I will go against the grain -- and say that a straight flat dict is not the best for this.

Let's say you have 100 stops and multiple routes that are non-alphabetical and non-numeric. Think the Paris subway:

Paris Subway

Now try and use a straight Python dict to calculate the time between FDR and La Fourche? That involves two or more different routes and multiple options.

A tree or some form of graph is a better structure. A dict is fabulous for a 1 to 1 mapping; tree are better for a rich description of nodes that relate to each other. You would then use something like Dijkstra's Algorithm to navigate it.

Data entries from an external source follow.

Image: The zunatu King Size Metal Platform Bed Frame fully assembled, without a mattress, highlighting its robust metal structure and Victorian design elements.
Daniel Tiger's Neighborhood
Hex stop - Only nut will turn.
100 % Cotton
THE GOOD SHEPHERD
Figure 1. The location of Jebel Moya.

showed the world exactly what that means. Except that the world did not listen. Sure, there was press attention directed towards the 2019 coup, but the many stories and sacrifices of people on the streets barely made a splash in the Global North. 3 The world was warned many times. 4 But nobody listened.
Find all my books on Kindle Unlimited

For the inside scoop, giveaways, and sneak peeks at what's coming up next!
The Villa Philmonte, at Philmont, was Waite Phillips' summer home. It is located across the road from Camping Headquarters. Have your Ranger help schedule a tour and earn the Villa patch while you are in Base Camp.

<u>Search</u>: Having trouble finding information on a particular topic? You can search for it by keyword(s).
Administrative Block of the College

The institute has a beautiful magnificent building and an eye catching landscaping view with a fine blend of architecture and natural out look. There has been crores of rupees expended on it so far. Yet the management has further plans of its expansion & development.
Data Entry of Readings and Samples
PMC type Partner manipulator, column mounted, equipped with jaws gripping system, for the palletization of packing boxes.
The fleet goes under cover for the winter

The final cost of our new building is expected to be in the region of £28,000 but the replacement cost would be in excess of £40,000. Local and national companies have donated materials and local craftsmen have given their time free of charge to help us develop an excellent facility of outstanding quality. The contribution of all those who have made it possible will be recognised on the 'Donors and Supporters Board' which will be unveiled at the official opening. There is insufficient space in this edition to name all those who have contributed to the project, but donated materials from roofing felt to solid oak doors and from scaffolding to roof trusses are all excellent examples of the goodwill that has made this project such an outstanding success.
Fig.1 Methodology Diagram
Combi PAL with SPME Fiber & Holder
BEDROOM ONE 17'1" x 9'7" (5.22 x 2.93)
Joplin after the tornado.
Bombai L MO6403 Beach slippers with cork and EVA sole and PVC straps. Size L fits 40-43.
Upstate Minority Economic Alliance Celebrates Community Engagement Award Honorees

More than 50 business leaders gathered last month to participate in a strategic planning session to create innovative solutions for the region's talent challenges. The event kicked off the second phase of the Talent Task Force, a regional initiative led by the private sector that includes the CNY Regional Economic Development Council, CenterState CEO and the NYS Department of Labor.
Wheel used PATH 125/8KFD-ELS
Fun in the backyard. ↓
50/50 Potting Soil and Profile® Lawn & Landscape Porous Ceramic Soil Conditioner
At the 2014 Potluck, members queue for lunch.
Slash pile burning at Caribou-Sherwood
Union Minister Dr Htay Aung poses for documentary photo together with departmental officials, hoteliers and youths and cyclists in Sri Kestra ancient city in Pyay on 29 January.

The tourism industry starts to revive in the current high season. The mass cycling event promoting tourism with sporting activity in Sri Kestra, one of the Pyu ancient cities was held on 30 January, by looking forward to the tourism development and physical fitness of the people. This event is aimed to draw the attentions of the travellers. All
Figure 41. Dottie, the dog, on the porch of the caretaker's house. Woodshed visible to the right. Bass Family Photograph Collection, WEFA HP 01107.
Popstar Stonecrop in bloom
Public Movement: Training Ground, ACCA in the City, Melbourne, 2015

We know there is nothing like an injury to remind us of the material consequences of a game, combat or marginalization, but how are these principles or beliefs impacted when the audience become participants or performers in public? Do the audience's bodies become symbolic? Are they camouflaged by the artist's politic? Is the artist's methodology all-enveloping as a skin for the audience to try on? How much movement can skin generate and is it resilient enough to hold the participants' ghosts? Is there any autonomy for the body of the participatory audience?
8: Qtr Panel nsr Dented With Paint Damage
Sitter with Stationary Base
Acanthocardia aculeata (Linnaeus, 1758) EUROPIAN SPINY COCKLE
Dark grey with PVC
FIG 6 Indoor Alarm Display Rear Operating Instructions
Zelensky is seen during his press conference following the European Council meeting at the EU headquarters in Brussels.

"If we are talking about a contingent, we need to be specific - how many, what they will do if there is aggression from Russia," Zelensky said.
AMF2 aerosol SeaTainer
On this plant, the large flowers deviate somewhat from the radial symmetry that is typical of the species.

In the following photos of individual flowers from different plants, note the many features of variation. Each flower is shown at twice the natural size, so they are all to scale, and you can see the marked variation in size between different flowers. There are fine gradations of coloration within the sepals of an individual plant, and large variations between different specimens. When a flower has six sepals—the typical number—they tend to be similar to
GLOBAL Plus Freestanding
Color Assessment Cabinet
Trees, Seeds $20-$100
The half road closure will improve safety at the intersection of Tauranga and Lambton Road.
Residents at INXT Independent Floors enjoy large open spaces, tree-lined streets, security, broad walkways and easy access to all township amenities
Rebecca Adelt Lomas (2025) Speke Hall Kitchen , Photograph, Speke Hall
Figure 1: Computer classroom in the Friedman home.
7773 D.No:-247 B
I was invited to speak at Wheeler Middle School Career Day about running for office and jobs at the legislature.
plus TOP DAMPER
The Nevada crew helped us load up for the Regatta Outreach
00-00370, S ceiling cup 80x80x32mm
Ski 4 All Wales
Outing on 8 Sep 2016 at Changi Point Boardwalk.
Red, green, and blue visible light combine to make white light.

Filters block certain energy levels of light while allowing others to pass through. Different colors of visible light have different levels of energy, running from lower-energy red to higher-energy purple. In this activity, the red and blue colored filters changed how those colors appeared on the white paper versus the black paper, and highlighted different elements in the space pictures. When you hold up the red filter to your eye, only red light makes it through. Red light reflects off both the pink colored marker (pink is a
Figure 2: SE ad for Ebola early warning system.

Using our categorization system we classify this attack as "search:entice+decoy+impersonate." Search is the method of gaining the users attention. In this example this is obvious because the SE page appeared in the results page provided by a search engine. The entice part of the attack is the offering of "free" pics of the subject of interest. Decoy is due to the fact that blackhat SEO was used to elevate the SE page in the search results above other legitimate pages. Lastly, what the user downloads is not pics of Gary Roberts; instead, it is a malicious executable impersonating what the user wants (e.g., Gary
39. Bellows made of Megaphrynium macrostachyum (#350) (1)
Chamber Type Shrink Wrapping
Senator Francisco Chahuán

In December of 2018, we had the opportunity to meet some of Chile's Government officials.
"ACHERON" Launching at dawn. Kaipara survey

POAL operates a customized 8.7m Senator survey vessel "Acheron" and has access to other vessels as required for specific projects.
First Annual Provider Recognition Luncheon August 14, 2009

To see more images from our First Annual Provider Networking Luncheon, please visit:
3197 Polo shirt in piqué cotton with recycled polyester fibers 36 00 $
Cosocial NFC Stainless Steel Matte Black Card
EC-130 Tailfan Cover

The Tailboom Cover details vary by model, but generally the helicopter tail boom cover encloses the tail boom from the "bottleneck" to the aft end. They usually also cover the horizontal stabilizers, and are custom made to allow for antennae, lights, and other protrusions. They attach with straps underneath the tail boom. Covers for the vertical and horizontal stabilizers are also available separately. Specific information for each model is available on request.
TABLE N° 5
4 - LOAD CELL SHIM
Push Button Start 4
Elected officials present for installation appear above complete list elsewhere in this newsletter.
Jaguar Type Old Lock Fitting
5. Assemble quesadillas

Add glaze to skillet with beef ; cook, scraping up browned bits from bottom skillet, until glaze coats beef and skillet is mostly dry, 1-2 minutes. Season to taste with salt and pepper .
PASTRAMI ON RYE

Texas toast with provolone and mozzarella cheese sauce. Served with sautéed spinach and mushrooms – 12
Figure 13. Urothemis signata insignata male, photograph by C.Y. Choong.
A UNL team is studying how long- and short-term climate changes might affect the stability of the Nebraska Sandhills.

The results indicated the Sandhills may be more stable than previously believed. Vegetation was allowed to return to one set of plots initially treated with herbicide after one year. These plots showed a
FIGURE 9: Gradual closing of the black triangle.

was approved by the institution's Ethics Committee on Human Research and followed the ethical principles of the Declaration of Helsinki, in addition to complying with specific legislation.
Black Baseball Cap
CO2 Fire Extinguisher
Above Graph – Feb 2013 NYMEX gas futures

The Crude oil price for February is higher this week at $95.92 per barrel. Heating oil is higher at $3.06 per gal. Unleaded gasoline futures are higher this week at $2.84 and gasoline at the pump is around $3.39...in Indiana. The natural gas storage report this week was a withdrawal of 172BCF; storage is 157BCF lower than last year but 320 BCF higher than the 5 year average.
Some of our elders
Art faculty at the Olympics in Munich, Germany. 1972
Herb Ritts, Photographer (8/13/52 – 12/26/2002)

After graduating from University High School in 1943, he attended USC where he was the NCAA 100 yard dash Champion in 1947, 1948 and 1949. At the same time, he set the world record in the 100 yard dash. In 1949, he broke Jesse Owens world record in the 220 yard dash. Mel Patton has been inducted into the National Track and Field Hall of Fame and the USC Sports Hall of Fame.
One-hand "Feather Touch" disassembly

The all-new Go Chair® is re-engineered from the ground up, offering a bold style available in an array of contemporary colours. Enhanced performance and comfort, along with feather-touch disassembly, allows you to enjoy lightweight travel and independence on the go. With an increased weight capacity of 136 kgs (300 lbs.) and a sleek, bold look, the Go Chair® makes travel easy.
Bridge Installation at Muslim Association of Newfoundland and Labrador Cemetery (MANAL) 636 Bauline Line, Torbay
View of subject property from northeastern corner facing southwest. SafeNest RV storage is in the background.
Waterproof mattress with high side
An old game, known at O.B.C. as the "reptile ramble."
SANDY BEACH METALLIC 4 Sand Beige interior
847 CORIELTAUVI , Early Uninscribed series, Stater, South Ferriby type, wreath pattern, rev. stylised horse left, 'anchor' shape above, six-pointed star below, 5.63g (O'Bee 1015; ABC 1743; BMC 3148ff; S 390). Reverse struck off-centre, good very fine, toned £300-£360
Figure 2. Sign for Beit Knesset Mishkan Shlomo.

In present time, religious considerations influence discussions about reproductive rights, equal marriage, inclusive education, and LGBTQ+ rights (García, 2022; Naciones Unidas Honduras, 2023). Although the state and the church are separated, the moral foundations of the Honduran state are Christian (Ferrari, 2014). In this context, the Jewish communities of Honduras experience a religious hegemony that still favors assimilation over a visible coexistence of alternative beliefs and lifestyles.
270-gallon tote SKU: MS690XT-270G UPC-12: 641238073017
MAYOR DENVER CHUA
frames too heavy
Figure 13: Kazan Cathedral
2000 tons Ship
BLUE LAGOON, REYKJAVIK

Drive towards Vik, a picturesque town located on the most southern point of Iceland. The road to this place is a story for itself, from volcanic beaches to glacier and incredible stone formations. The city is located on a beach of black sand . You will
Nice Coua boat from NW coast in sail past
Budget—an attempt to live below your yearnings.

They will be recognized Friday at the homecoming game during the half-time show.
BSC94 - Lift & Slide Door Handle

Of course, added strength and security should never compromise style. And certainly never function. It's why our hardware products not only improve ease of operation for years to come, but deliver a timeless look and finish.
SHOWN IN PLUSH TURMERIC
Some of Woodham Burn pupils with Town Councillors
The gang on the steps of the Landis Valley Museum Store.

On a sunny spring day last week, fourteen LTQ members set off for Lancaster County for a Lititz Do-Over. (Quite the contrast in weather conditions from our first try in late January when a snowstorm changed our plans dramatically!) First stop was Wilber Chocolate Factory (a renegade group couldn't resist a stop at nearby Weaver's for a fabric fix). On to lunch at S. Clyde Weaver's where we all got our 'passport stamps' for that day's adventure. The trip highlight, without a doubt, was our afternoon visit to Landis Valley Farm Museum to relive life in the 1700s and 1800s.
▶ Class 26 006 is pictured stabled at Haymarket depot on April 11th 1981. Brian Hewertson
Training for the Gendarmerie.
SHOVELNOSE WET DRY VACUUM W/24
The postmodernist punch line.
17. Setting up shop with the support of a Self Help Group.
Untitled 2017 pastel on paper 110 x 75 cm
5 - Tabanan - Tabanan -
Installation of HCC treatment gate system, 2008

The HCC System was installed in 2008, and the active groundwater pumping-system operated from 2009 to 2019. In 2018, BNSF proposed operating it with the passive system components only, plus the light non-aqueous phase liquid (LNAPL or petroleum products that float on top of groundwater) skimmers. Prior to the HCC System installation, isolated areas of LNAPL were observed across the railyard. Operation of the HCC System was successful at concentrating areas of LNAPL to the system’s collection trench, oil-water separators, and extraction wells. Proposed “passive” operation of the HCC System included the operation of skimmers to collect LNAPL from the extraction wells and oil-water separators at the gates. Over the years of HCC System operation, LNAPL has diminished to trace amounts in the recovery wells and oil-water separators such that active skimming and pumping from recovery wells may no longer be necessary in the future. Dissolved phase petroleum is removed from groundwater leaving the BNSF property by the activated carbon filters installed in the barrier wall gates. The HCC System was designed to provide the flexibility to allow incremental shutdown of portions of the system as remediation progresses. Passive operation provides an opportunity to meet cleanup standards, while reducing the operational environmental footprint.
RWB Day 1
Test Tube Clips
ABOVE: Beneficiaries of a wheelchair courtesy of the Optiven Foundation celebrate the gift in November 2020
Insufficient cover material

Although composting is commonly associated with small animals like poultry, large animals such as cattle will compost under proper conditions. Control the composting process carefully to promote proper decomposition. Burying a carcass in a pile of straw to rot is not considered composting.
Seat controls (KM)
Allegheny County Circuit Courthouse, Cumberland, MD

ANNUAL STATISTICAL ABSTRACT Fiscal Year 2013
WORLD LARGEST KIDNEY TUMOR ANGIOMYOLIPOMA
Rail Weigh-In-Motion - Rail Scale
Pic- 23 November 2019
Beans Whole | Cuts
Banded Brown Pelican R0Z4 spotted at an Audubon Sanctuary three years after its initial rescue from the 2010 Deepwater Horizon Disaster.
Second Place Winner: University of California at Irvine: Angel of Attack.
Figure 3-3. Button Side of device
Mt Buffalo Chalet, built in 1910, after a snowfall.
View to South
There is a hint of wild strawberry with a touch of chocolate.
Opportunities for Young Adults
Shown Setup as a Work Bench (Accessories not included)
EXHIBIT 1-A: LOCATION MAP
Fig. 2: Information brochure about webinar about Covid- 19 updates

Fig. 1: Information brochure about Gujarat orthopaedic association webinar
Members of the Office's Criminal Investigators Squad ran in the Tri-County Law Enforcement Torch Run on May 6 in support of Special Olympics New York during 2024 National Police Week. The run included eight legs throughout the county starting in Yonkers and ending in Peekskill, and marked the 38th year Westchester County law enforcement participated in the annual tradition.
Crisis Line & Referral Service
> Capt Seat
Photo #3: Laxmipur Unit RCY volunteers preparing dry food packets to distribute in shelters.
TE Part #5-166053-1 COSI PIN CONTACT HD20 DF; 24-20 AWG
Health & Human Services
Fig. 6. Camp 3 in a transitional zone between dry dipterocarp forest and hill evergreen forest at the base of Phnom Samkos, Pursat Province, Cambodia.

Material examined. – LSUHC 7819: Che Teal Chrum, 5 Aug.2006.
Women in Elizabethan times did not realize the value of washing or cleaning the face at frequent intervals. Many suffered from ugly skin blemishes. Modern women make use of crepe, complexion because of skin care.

Since a nested dict of dicts or dict of lists IS a graph, it is easy to come up with a recursive example:

def find_all_paths(graph, start, end, path=[]):
        path = path + [start]
        if start == end:
            return [path]
        if start not in graph:
            return []
        paths = []
        for node in graph[start]:
            if node not in path:
                newpaths = find_all_paths(graph, node, end, path)
                for newpath in newpaths:
                    paths.append(newpath)
        return paths       

def min_path(graph, start, end):
    paths=find_all_paths(graph,start,end)
    mt=10**99
    mpath=[]
    print '\tAll paths:',paths
    for path in paths:
        t=sum(graph[i][j] for i,j in zip(path,path[1::]))
        print '\t\tevaluating:',path, t
        if t<mt: 
            mt=t
            mpath=path

    e1=' '.join('{}->{}:{}'.format(i,j,graph[i][j]) for i,j in zip(mpath,mpath[1::]))
    e2=str(sum(graph[i][j] for i,j in zip(mpath,mpath[1::])))
    print 'Best path: '+e1+'   Total: '+e2+'\n'  

if __name__ == "__main__":
    graph = {'A': {'B':5, 'C':4},
             'B': {'C':3, 'D':10},
             'C': {'D':12},
             'D': {'C':5, 'E':9},
             'E': {'F':8},
             'F': {'C':7}}
    min_path(graph,'A','E')
    min_path(graph,'A','D')
    min_path(graph,'A','F')

Prints:

    All paths: [['A', 'C', 'D', 'E'], ['A', 'B', 'C', 'D', 'E'], ['A', 'B', 'D', 'E']]
        evaluating: ['A', 'C', 'D', 'E'] 25
        evaluating: ['A', 'B', 'C', 'D', 'E'] 29
        evaluating: ['A', 'B', 'D', 'E'] 24
Best path: A->B:5 B->D:10 D->E:9   Total: 24

    All paths: [['A', 'C', 'D'], ['A', 'B', 'C', 'D'], ['A', 'B', 'D']]
        evaluating: ['A', 'C', 'D'] 16
        evaluating: ['A', 'B', 'C', 'D'] 20
        evaluating: ['A', 'B', 'D'] 15
Best path: A->B:5 B->D:10   Total: 15

    All paths: [['A', 'C', 'D', 'E', 'F'], ['A', 'B', 'C', 'D', 'E', 'F'], ['A', 'B', 'D', 'E', 'F']]
        evaluating: ['A', 'C', 'D', 'E', 'F'] 33
        evaluating: ['A', 'B', 'C', 'D', 'E', 'F'] 37
        evaluating: ['A', 'B', 'D', 'E', 'F'] 32
Best path: A->B:5 B->D:10 D->E:9 E->F:8   Total: 32

I hadn't thought about it that way, it seems like a good method! I'll get started on it now. Thanks — user1440061, Mar 21 '13 at 02:00

Cartroo · Answer 2 · 2013-03-20T21:09:08.250

A dictionary is entirely suitable for looking up the value for a particular stop. This doesn't store any information about the order of the stops, however, so you'd likely need a separate list for that anyway. I'm assuming these times are the delay between adjacent stops only, so if you need to calculate the total time to get between arbitrary pairs of stops you might actually find a list of 2-tuples more convenient than a list and dictionary:

train_times = [("A", 0), ("B", 15), ("C", 12), ("D", 9)]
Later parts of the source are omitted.